7. PW. 4 Mst. Alia Rakhi is the mother of the appellant. She also deposed that on the day of incident, the acccused brought his wife Mst. Ruqayia from the house of her elder sister. Both of them went together in a room. All of a sudden, she heard the cries. Many persons collected there Mst. Ruqayia was found lying badly injured in that room. Though she was declared hostile by the prosecution, she admitted that the accused and the victim came together to her house and went in the room in the first floor. Thereafter the deceased raised cries. In these circumstances, when the accused and the vict m were together in that room, a natural inference arises that it was he and he alone who had put the victim to death.

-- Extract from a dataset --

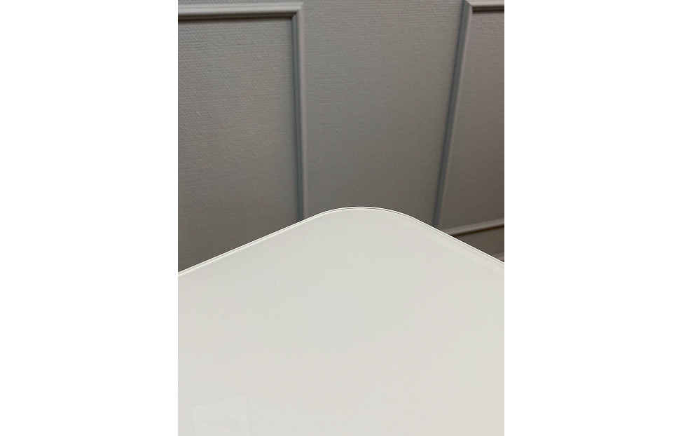 Столешница из стекла надежно защищает стол от влаги и горячего. Для данного стола применяется дорогое, просветленное стекло optiwhite которое передает чистый, яркий цвет без зеленого бутылочного оттенка. Стекло надежно крепится к подложке из ЛДСП на герметик, распределенный по всей поверхности столешницы.

8. The accused was arrested as soon as he lodged the FIR Ex. P/11. He was found having a dagger with him. The dagger was blood stained. This also affords a very valuable corroboration the testimony of PW. 1 Chhote Khan.
9. We, therefore, find on no force in the contention of the learned Amicus Curiae that the appellant was convicted on nil evidence. The evidence discussed above unmistakeably points out that Mst. Ruqayia was done to death by the accused and none else. It was next contended by the learned Amicus Curiae that the accused committed the murder of his wife on a grave and sudden provocation and as such, the offence stands reduced to under Section 304 Part I, IPC. We have given our thoughtful consideration to the contention and find no substance in it. The accused in his statement under Section 313, Cr PC did not state that he committed the murder of his wife due to any sudden and grave provocation. He advanced the plea of alibi, which has been found false. There is no material on record to show that the accused committed the murder on account of any sudden and grave provocation given by the deceased-victim. The FIR Ex. P/11 is not admissible in evidence against the accused. Even if it is held admissible in evidence, the mere fact that the deceased-victim asked for a divorce, does not constitute grave and sudden provocation so as to incite the accused to commit her murder.
10. From what we have discussed above, we find no force in this appeal of the accused. He was rightly convicted and sentenced under Section 302, IPC. The appeal of accused Abdul Kakim is consequently dismissed.